:: Instructions for the task ::
Reproduce, exactly and only, the lines of the data that follows from the one containing "Cadre de lit" down to the one containing "Basic. Coupe femme.", without pictures.

:: Supplied records ::
%%

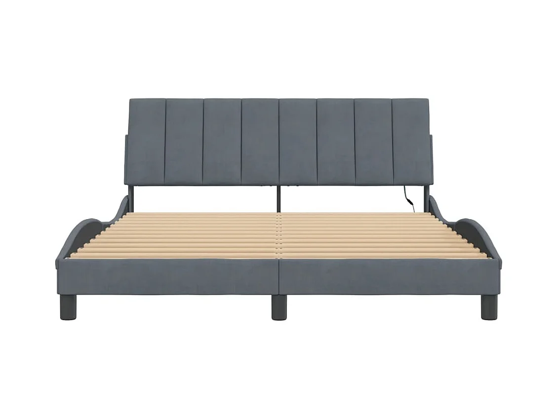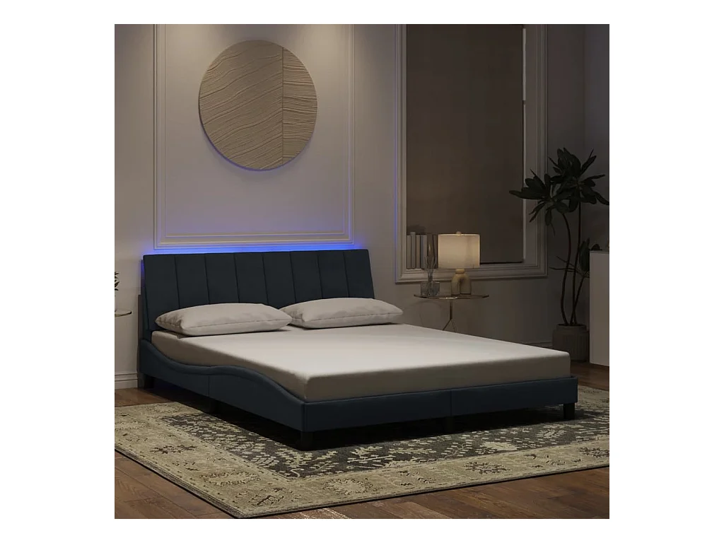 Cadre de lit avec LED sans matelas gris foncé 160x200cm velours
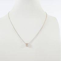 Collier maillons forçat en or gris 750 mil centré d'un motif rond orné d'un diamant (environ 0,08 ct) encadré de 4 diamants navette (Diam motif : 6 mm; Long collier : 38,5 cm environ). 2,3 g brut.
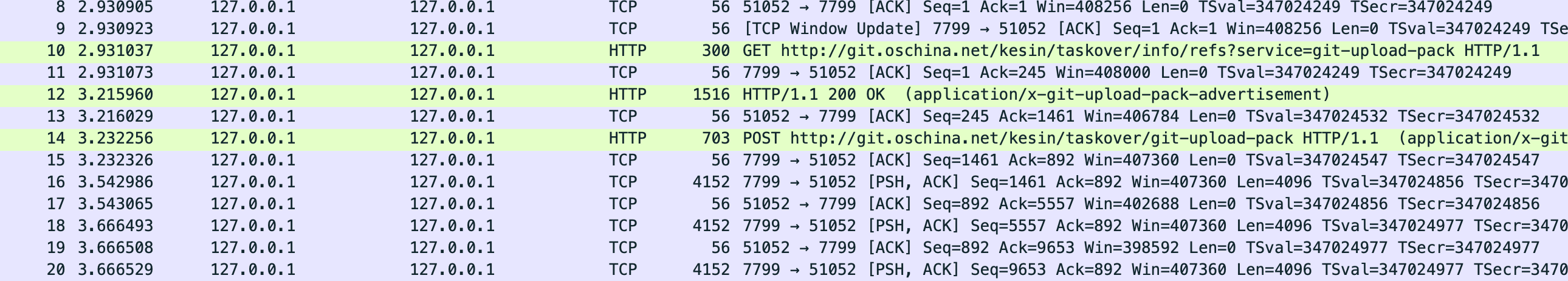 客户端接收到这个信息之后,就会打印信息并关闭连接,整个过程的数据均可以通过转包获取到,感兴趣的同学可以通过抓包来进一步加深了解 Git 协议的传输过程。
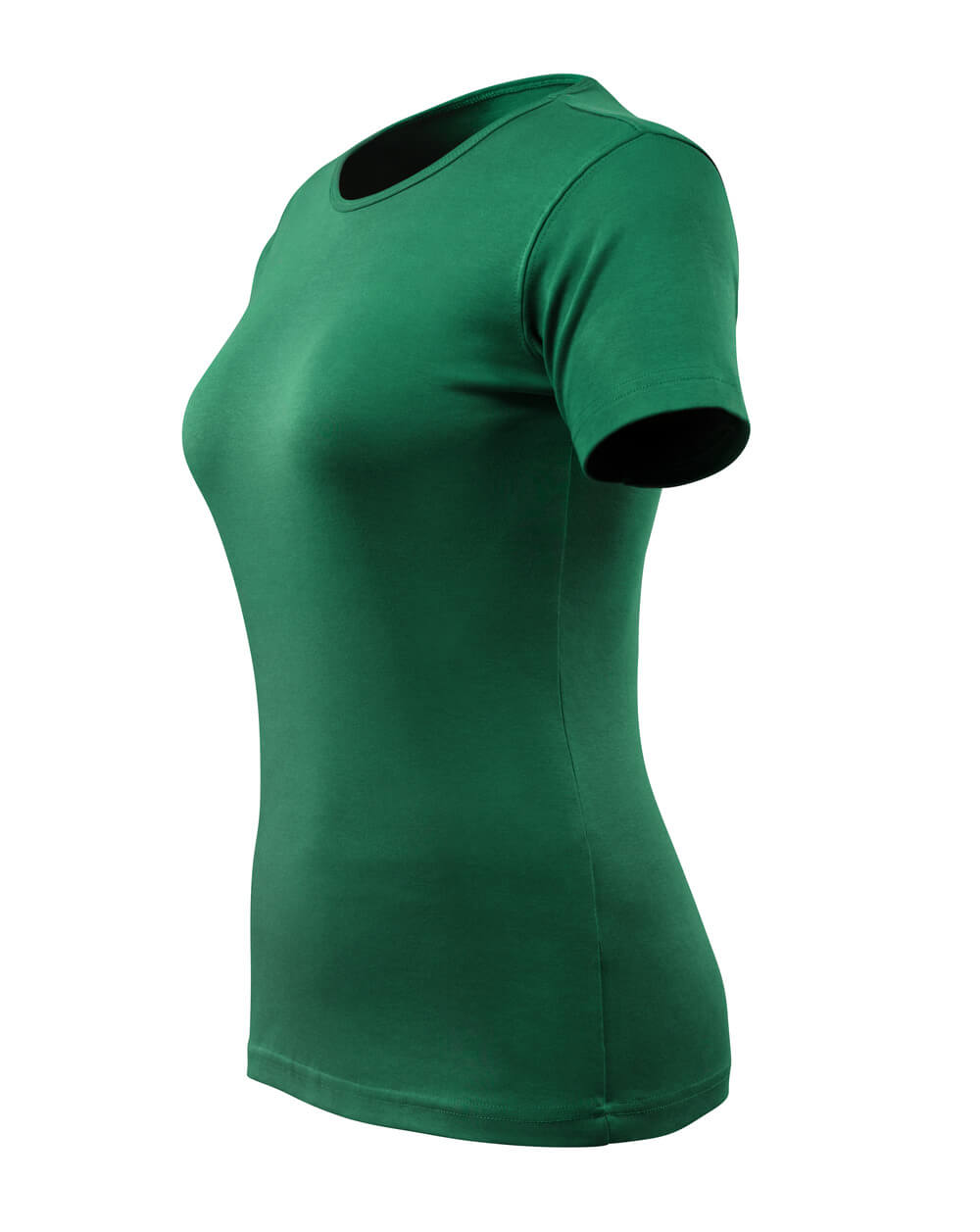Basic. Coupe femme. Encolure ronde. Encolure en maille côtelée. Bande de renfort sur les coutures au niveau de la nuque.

%%
%%

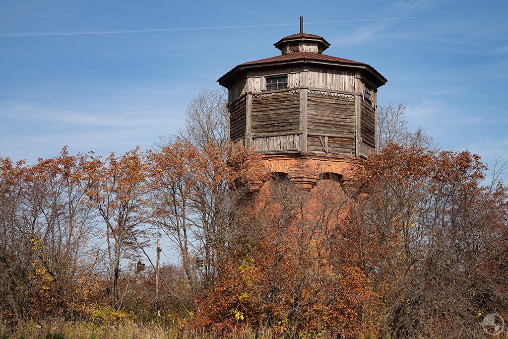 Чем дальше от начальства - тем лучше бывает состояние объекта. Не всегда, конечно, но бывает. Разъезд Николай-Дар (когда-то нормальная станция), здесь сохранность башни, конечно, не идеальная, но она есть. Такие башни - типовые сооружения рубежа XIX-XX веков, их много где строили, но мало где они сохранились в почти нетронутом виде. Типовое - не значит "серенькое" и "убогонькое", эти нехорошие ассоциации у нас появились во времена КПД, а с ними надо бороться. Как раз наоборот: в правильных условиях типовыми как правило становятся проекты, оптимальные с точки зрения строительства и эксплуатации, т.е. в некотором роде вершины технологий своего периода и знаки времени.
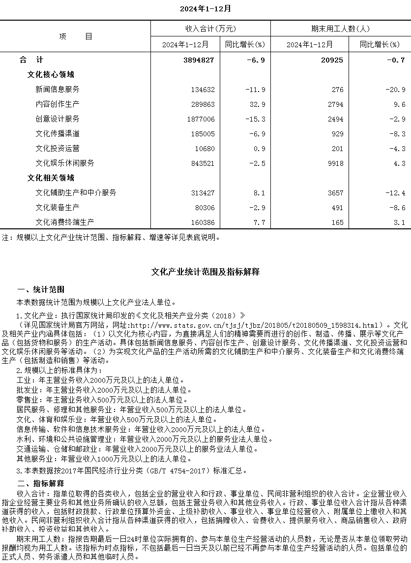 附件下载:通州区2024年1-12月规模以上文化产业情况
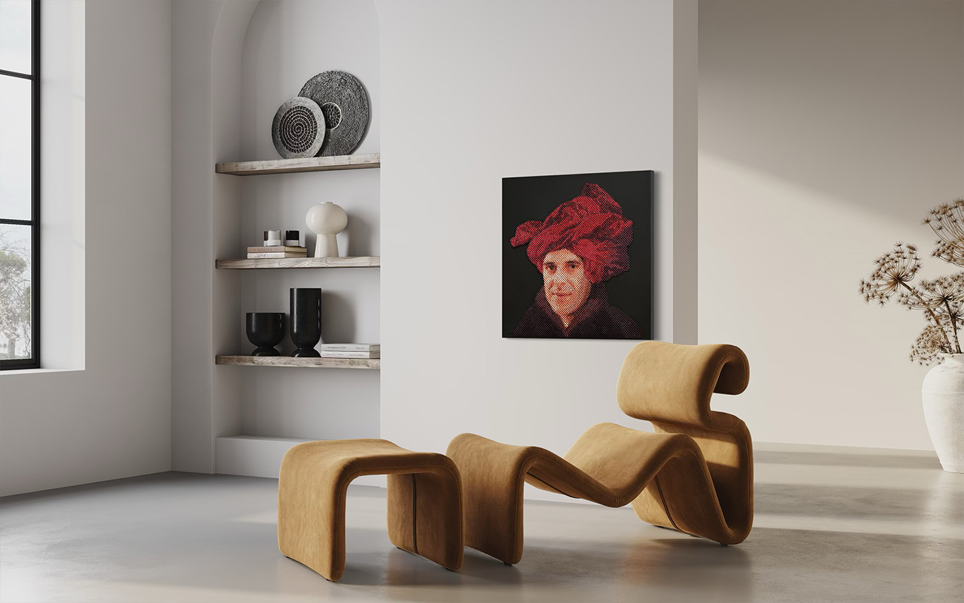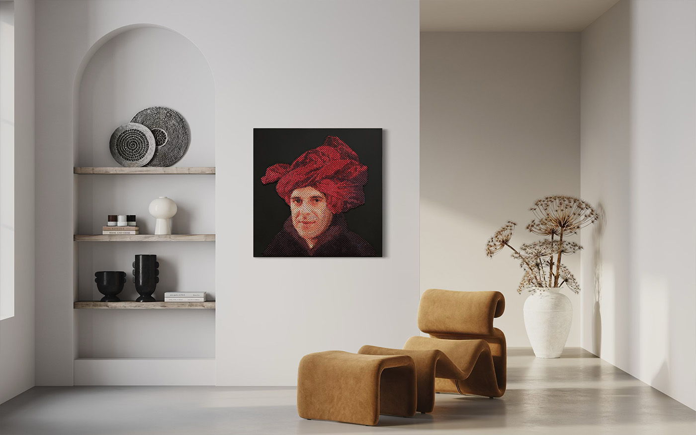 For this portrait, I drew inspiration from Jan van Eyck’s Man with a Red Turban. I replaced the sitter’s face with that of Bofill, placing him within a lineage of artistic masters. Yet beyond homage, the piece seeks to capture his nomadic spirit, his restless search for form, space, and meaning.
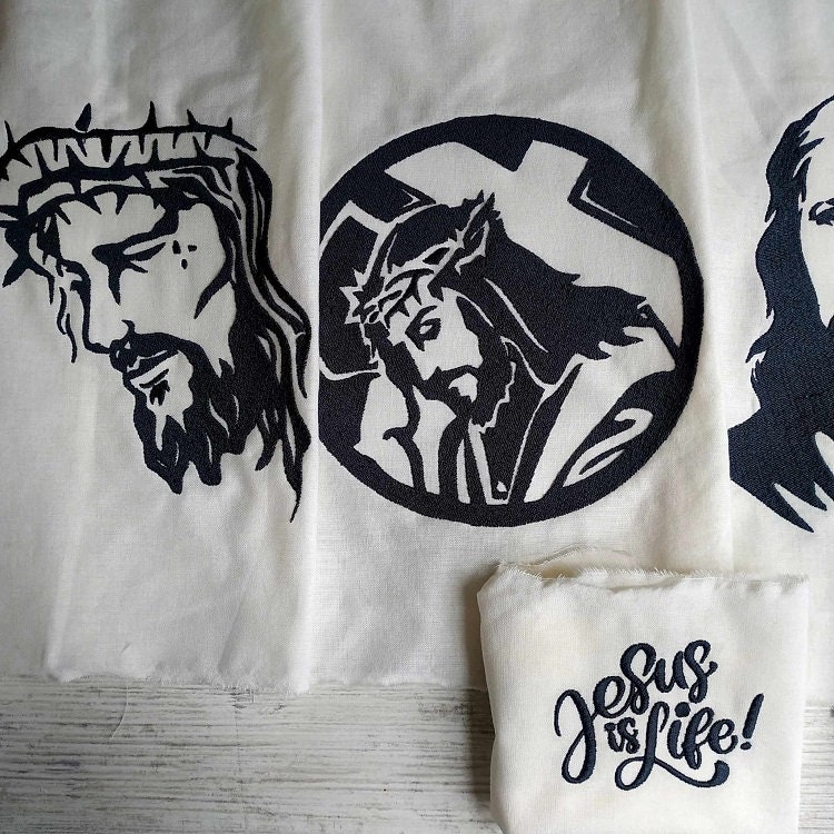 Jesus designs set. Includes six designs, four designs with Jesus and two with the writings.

%%

:: Task output ::
 Cadre de lit avec LED sans matelas gris foncé 160x200cm velours
 Collier maillons forçat en or gris 750 mil centré d'un motif rond orné d'un diamant (environ 0,08 ct) encadré de 4 diamants navette (Diam motif : 6 mm; Long collier : 38,5 cm environ). 2,3 g brut.
 客户端接收到这个信息之后,就会打印信息并关闭连接,整个过程的数据均可以通过转包获取到,感兴趣的同学可以通过抓包来进一步加深了解 Git 协议的传输过程。
Basic. Coupe femme. Encolure ronde. Encolure en maille côtelée. Bande de renfort sur les coutures au niveau de la nuque.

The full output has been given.